ROANOKE TIMES

                         Roanoke Times
                 Copyright (c) 1995, Landmark Communications, Inc.

DATE: FRIDAY, June 11, 1993                   TAG: 9306110051
SECTION: SPORTS                    PAGE: B5   EDITION: METRO 
SOURCE: SCOTT BLANCHARD STAFF WRITER
DATELINE:                                 LENGTH: Medium


BOATWRIGHT THROWS HIS WEIGHT AROUND IN THE CLASSROOM

As a 300-pound offensive lineman for Virginia Tech from 1987 through 1991, William Boatwright used to lean on opposing players. Now he's leaning on Hokies athletes whose class work is lagging, and his success has kept Tech's basketball program from springing a few leaks.

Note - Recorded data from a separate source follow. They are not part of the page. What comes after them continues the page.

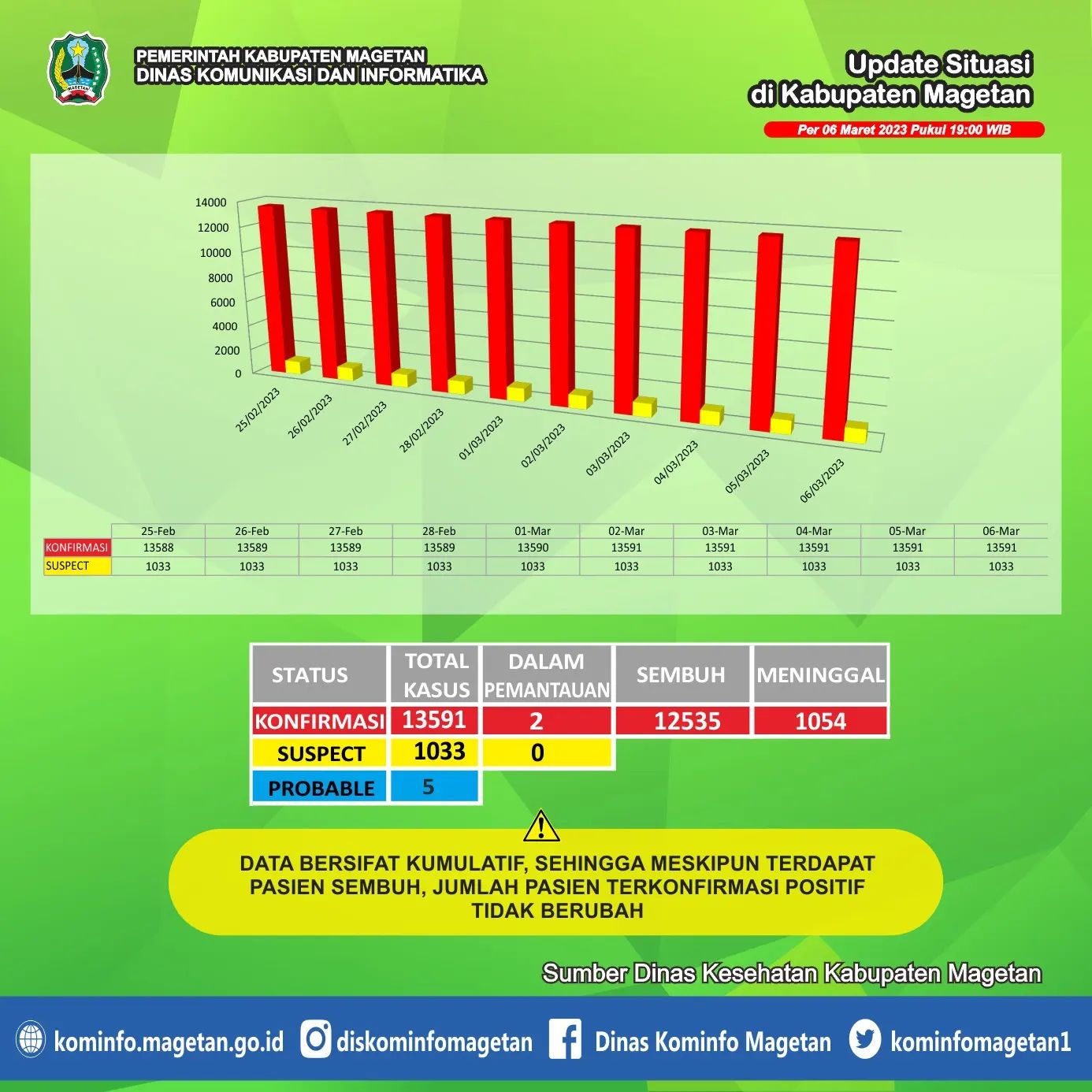 Secara keseluruhan, kasus terkonfirmasi COVID-19 per hari ini adalah 13591 kasus. Di mana, 12536 orang telah sembuh dari COVID-19. Kemudian, ada 1 orang yang tetap dalam pemantauan terkonfirmasi COVID-19. Dan, 1054 orang meninggal dunia. Sedangkan untuk suspect ada 0 orang dalam pemantauan. Serta, ada 5 orang berstatus probable.
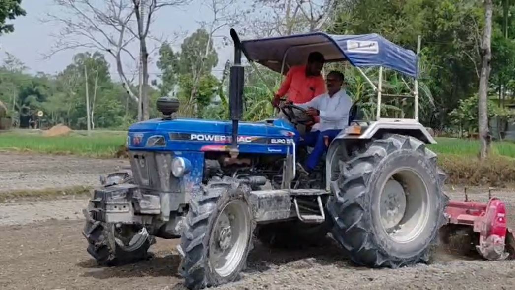মাঠে নেমে ট্রাক্টর চালালেন তৃণমূল প্রার্থী অভিজিৎ দে ভৌমিক, কৃষকের পাশে থাকার বার্তা
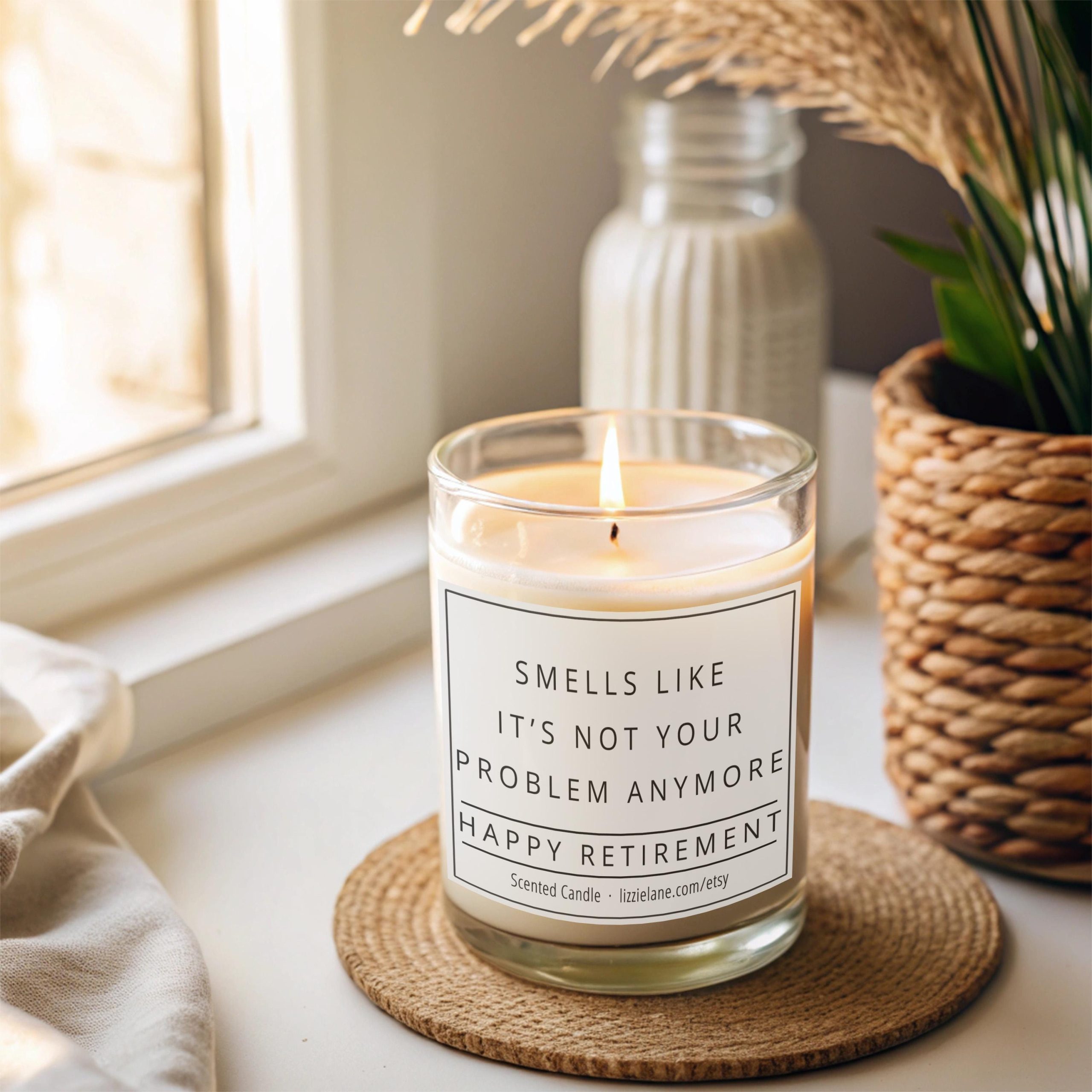 Funny Retirement Gift, Smells Like It’s Not My Problem Scented Candle, for Him Her Teacher Retirement, Joke Candle, For Friend Co-Worker
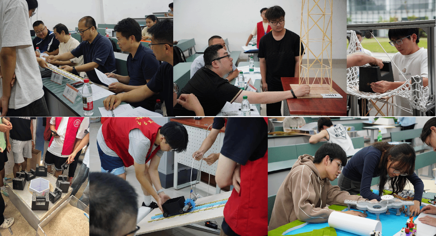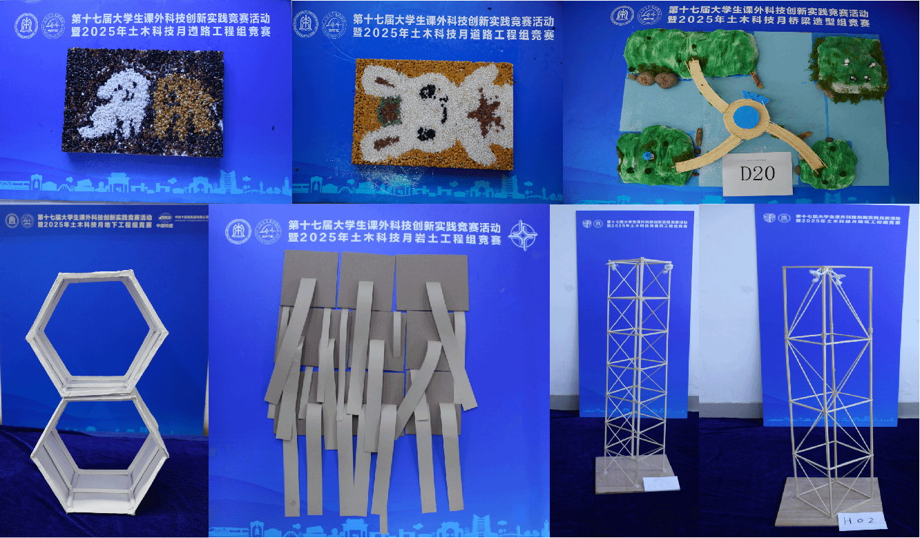 在土木科技月的比赛中,制作实物模型往往是比赛不可缺少的重要环节,也是锻炼同学们创新思维和动手实践的绝佳机会。建筑工程赛道以水塔结构为背景,要求选手制作立式柱形结构;岩土工程赛道以模块化装配式挡土墙为背景,要求选手制作能同时承受水平和竖向荷载的加筋挡土墙;地下工程组以下沉式中心筒为背景,要求同学们在荷载极限状态下测试其抗压性能……各个年级的参赛选手们认真思考,耐心钻研,聚焦当前土木工程专业热点,设计了一个又一个具备巧思的结构模型,充分展现了大家优异的实践水平。
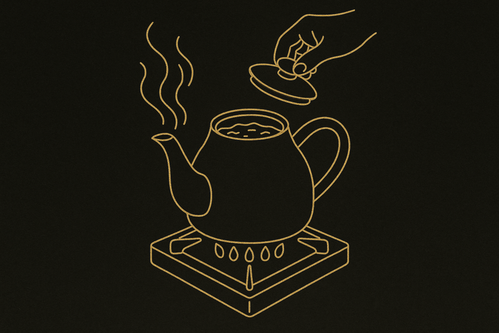 ② 香りが立ったら火を止め、茶葉を入れて約2分置く。
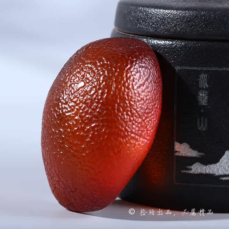 精品波罗的海原石 荔枝皮脑纹海漂籽琥珀蜜蜡原矿 红皮吊坠手把件

Boatwright, working toward a master's degree in counseling, and Tech athletic director Dave Braine created a program within Tech's academic advising office that includes mandatory study hall and tutoring sessions. Boatwright started in January with eight football players, two men's basketball players and one women's basketball player.

He's 10-for-11 - meaning only one of those at-risk athletes is ineligible for the 1993-94 school year. During the basketball season, Tech sources had said several of the Hokies'eight freshmen were struggling academically. Two, Shawn Smith and Damon Watlington, spent the spring semester with Boatwright; Ace Custis, Shawn Good, Delwyn Dillard, Dwayne Archbold and Travis Jackson have joined them for summer school - some just to get ahead.

"We haven't seen any red flags go up," Tech coach Bill Foster said.

That wasn't the case in December.

"You can tell somebody the iron's hot," Foster said. "Sometimes they've got to touch it."

Shawn Smith did. The Metro Conference all-rookie forward said his grade-point average rose from 0.3 after the first semester to 1.8 entering summer school, where he said he is earning an A and a B.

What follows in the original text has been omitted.